Marvell, Infineon and Delta Drive GTEK’s 30.9% YTD Gain
Goldman Sachs Future Tech ETF GTEK is up 30.9% YTD and 72.3% over 12 months, led by Marvell (+84.5% YTD), Infineon (+50.7% YTD) and Delta Electronics (+117% YTD).
The Goldman Sachs Future Tech ETF (GTEK) has returned 30.9% year-to-date and 72.3% over the past 12 months. Three holdings-Marvell Technology, Infineon Technologies and Delta Electronics-account for a large share of the fund’s gains this year.
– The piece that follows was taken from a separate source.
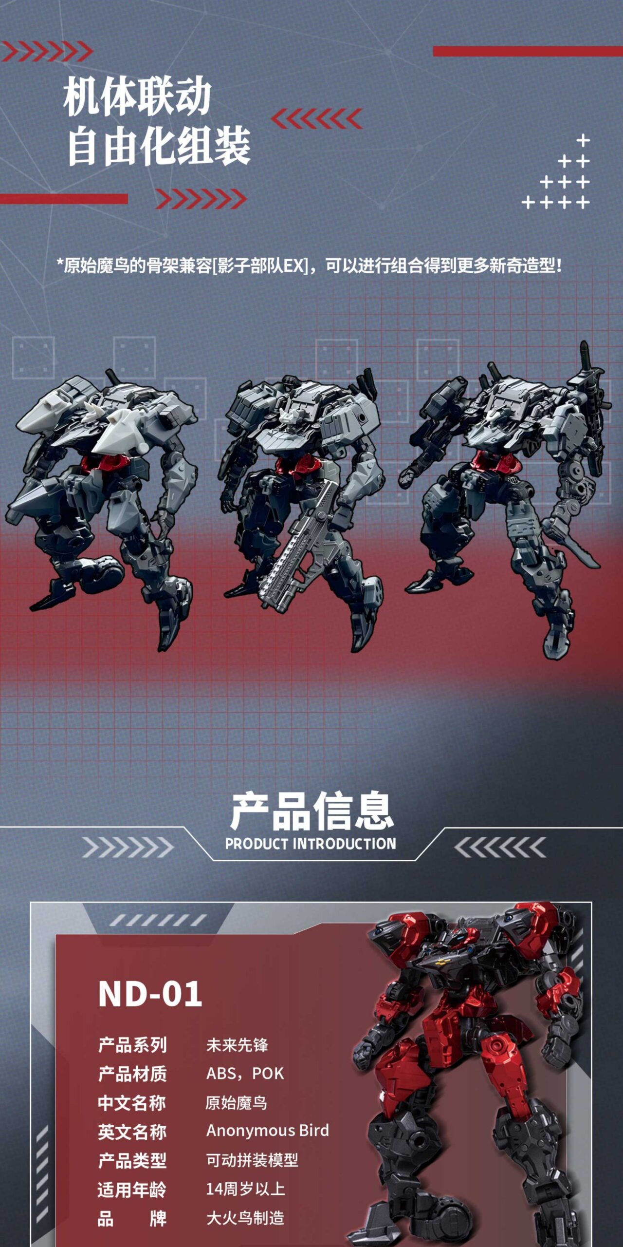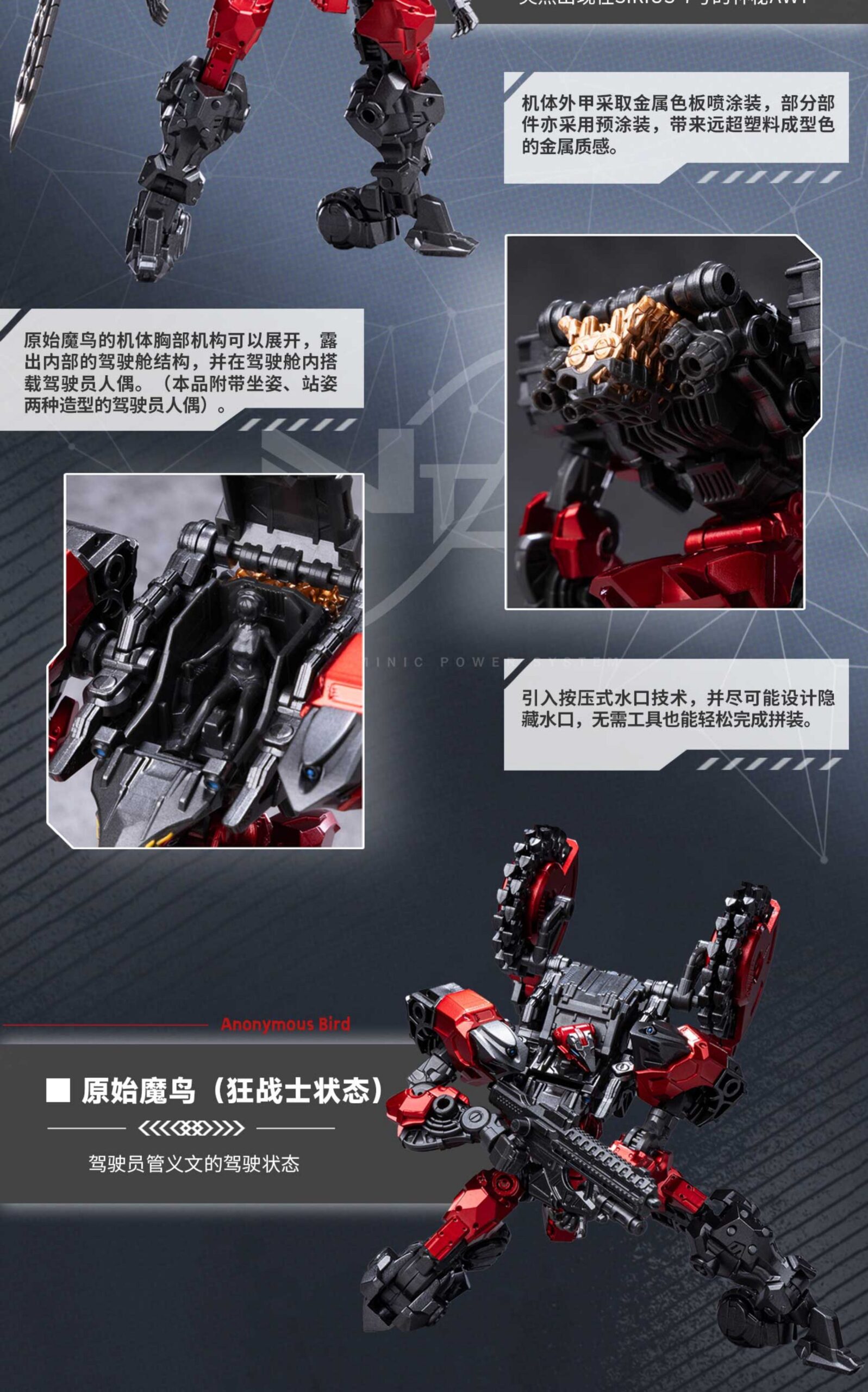 由大火鳥製造傾力打造的原創變形機甲「原始魔鳥」隆重登場!這款作品將「英雄式機器人」與「凶猛猛禽」完美融合,呈現出極具侵略性的美學設計。

GTEK is managed by Goldman Sachs and follows an active, bottom-up strategy that targets companies expected to drive technology innovation. The fund builds a high-conviction portfolio by screening for growth potential and quality, and it excludes companies with market capitalizations of $100 billion or more.
Marvell Technology, a U.S. semiconductor company, rose about 84.5% YTD. The stock moved higher as demand increased for chips used in cloud infrastructure and artificial intelligence workloads, lifting revenue expectations for suppliers of networking and storage semiconductors. Marvell is not an AI hyperscaler.
Infineon Technologies, based in Germany, gained roughly 50.7% YTD. The company sells power management, sensors and connectivity chips for automotive, industrial and consumer markets. Increased orders tied to automotive electrification and industrial automation supported Infineon’s revenue outlook.
Delta Electronics, a Taiwan-based manufacturer, returned about 117% YTD. Delta supplies power and thermal management components to data centers and industrial clients, including industrial computer fans and power systems that address rising compute density and cooling needs.
The combined performance of these stocks has contributed materially to GTEK’s overall returns. By excluding the largest-cap tech firms, the fund tilts toward smaller and mid-cap technology-oriented companies across sectors such as semiconductors, communications and healthcare equipment.
Fund performance data show concentrated gains among those smaller, growth-oriented holdings have driven GTEK’s recent results. The fund’s active, concentrated positioning differs from passive technology indexes and narrows exposure to the largest-cap tech companies.